(SOURCE MATERIAL)
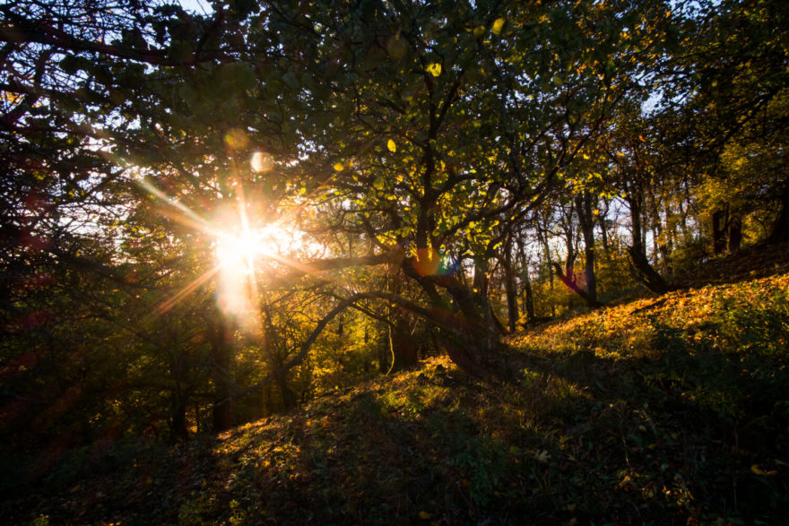 Výhledy z vrcholku Vápenná (752 m), Malé Karpaty, Slovensko. Cesta hrdinů SNP
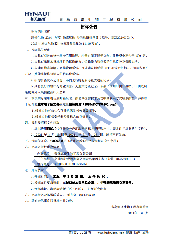 2024年度海諾生物物流運(yùn)輸類采購(gòu)招標(biāo)公告
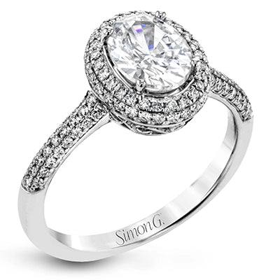 Classic and elegant, this white gold ring sparkles with .40 ctw of round white diamonds framing its oval shaped centerpiece.
(End SOURCE MATERIAL)
TO DO :: Give back the full listing verbatim, skipping each picture.

ANSWER TO THE EXERCISE ::
 Výhledy z vrcholku Vápenná (752 m), Malé Karpaty, Slovensko. Cesta hrdinů SNP
 2024年度海諾生物物流運(yùn)輸類采購(gòu)招標(biāo)公告
 Classic and elegant, this white gold ring sparkles with .40 ctw of round white diamonds framing its oval shaped centerpiece.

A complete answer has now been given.